Colorectal cancer can be considered a severe public health problem [1]. The third most frequent cancer presents considerable mortality, motivated by a diagnosis often made at an advanced stage of the disease. On the other hand, whenever detected early, the probability of controlling the disease is high, with reasonable survival rates at five years [2]. Thus, combating it depends on effective screening programs, early diagnosis, and individualized therapies with continuous and effective monitoring. These are the only ways to reduce the incidence and improve the outcomes of treated cases regarding survival and quality of life, simultaneously reducing the economic burden.

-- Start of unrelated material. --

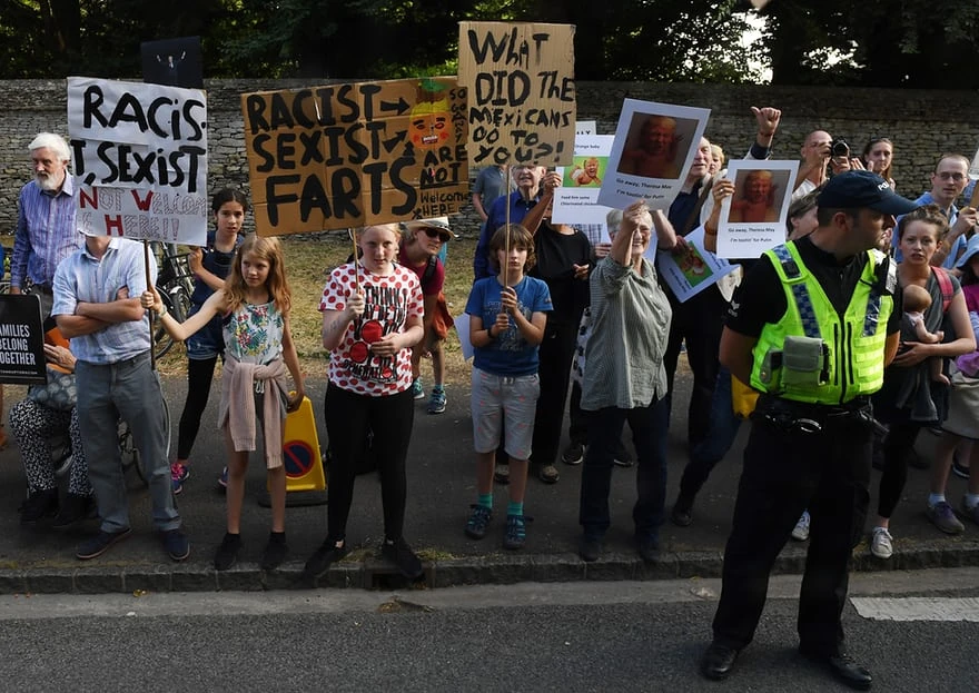 Tuy nhiên, trái với sự chào đón nhiệt tình từ nữ thủ tướng, một số người Anh phản đối chuyến thăm của ông Trump. Ảnh: AFP

Currently, control of this type of cancer is based on three aspects: screening, diagnosis, and treatment. In screening programs, fecal occult blood tests and colonoscopies (on a smaller scale) are still the most used methods starting from 50 years of age in asymptomatic individuals. However, implementing molecular tests that measure the immune system’s response to the attack of colorectal cancer in screening programs could prove to be an essential step to achieve. A colonoscopy beyond screening is the main weapon in prevention (a colonoscopy with polypectomy prevents patients with adenomatous polyps from developing colorectal cancer) and tumor diagnosis. When the diagnosis of invasive cancer is made, it is necessary to carry out correct staging to plan an individualized therapy that may include surgery, radiotherapy, and chemotherapy in different modalities. Monitoring the response to treatment, screening for recurrence, and selecting the ideal treatment are also essential aspects of managing this oncological entity.

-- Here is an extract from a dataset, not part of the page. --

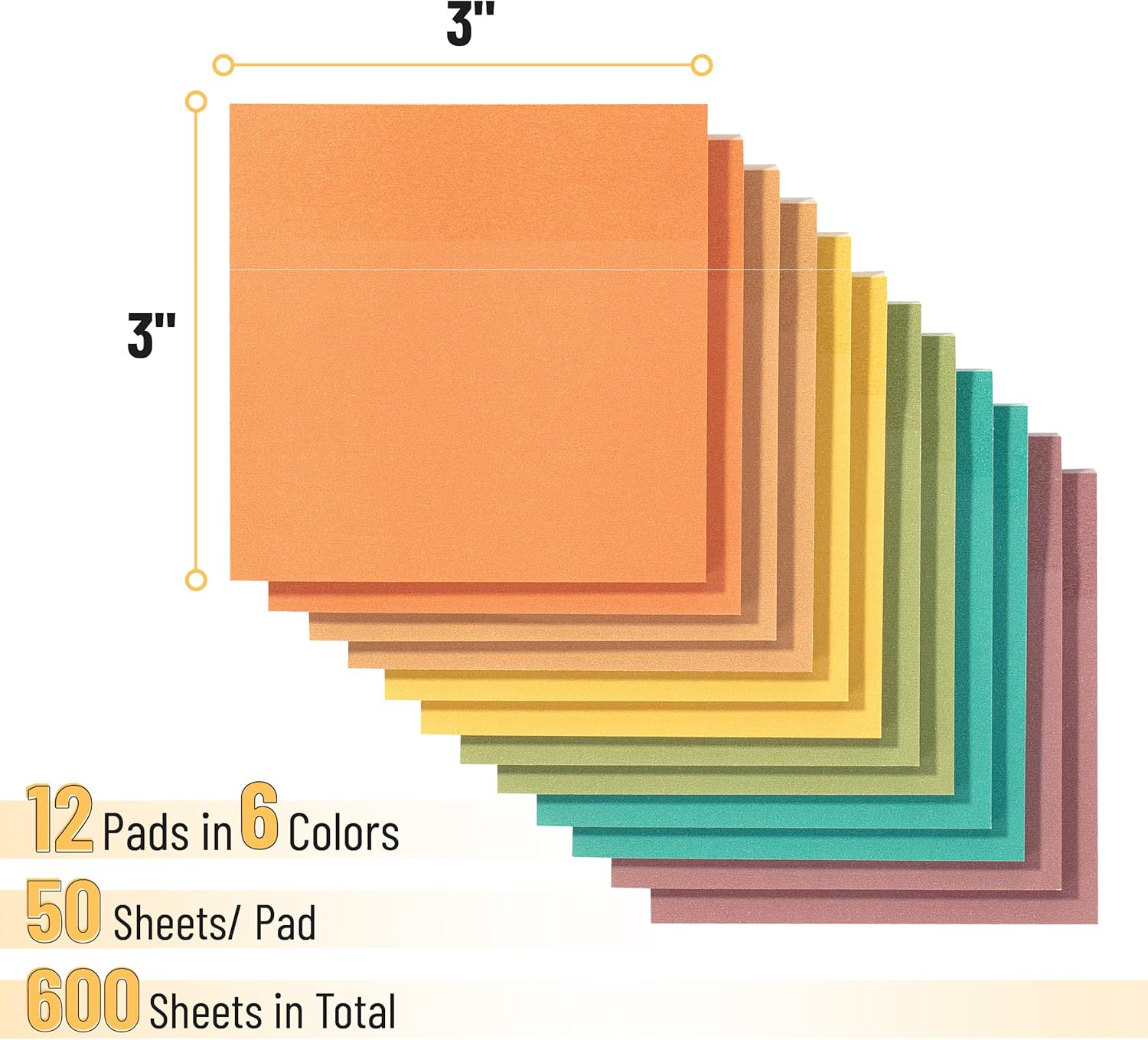 Earthy Colors Sticky Notes 3x3, 12 Pads, 600 Sheets

Biomarkers are substances that can be measured in biological fluids or tissues and predict the incidence or outcome of disease [3]. A promising biomarker should fulfill five essential requirements: good specificity, good sensitivity, cost effectiveness, ease of implementation, and the ability to detect the disease at its early stages. While sensitivity refers to the ability of the biomarker to detect diseased patients, specificity relates to its capability to reject other pathologies or healthy individuals.

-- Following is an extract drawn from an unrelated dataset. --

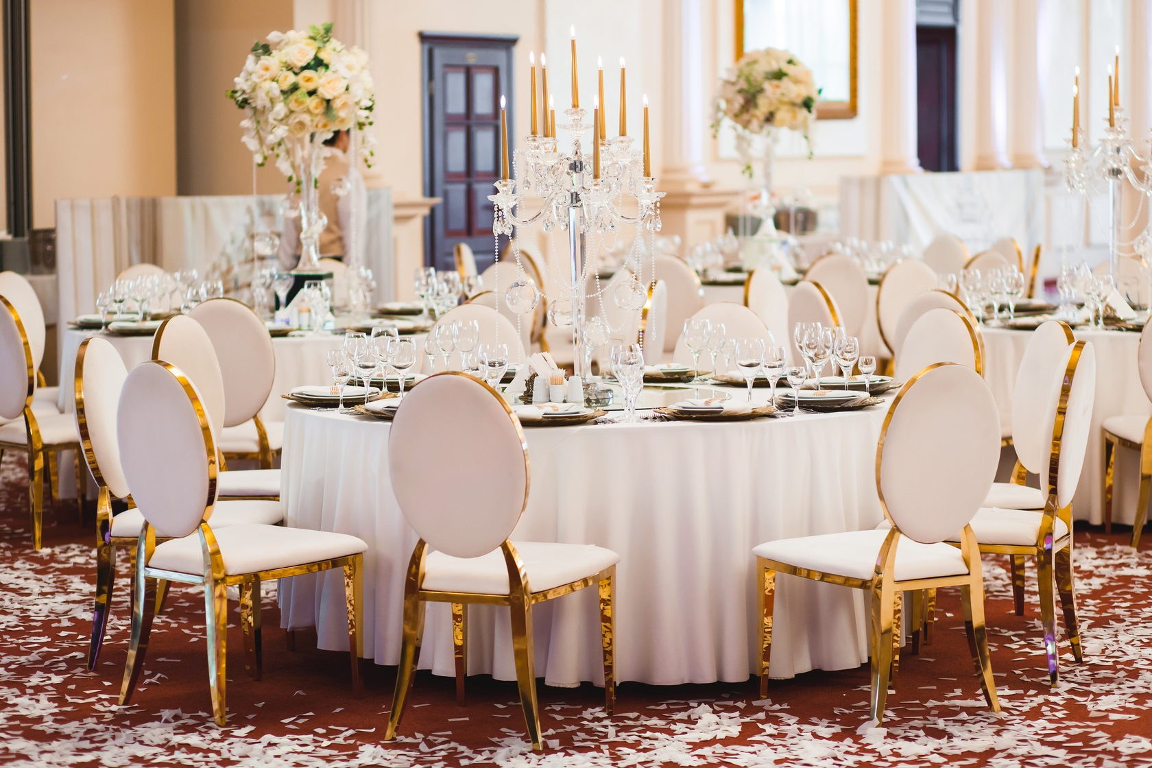 Стул банкетный St-020 25мм каркас золотой обивка бежевая

Colorectal cancer-specific biomarkers are still an area in development. Many biomarkers with different characteristics are currently being analyzed, which can be investigated in blood, urine, or tissue using various methods with different sensitivities, specificities, and clinical practice applicability. One example of these markers is the carcinoembryonic antigen (CEA) measured in blood, which is the most common tool used in the clinic for disease monitoring after resection surgery. Others include tumor biomarkers, such as Kirsten rat sarcoma virus (KRAS) and V-Raf murine sarcoma viral oncogene homolog B (BRAF) mutations or microsatellite instability, which have implications for therapeutic selection [4]. In the case of predictive biomarkers for response to neoadjuvant treatment in Locally Advanced Rectal Cancer (LARC), most biomarkers so far have been imaging variables and genetic parameters, as well as DNA- and RNA-based (TYMS polymorphisms, cell-free DNA, expression studies, microRNAs) ^[5][6][7][5,6,7]. Some are expensive, require state-of-the-art technology and complex laboratory procedures, and are not fully applied to the clinic yet.

Within this scope, whether in a targeted or untargeted fashion, metabolomics seems to be a tool for developing new biomarkers in cancer. Metabolomics uses body fluids and techniques to study low molecular weight molecules, such as amino acids, lipids, carbohydrates, and intermediates of various metabolic pathways. Some are already established procedures for screening and diagnosing other diseases, such as metabolic disorders. Metabolomics further allows the study of pathways known to be deregulated in cancer cells, providing a more thorough picture of the patient’s metabolic state. Glycolysis, the TriCarboxylic Acid Cycle (TCA), and mitochondrial metabolism have gathered much attention concerning cancer metabolism’s peculiarities. Their vast replicative potential, their metabolic plasticity, and their choice of aerobic glycolysis and concomitant lactate production as a source of energy—the Warburg effect—have made cancer cells an interesting source of possible metabolites for screening [8].

Among the vast array of molecules that might play a primordial role in the pathogenesis of cancer, amino acids have been attracting substantial attention. They have not only their role as building blocks for the synthesis of proteins but also can be considered alternative fuels in cancer due to their involvement in biosynthetic pathways [9]. For instance, glutamine and branched-chain amino acids provide organic molecules to fuel the TCA cycle; glutamate, glycine, and cysteine are used for glutathione synthesis, an antioxidant molecule essential to counter the production of reactive oxygen species during cell proliferation. In the same way, polyamines resulting from arginine catabolism have been associated with cancer development for decades [10]. Proteins involved in amino acid metabolism have also been under cancer research. They include transmembrane solute carriers and amino acid transporters, such as L-type amino acid transporter 1 and alanine–serine–cysteine transporter 2, which are usually upregulated in colorectal cancer [11]. Even though there is substantial biochemical evidence for the relevance of amino acids in cancer, there is still a lack of clinical output focusing exclusively on their use as biomarkers for the diagnosis, prognosis, and monitoring of therapeutic response in CRC (Figure 1).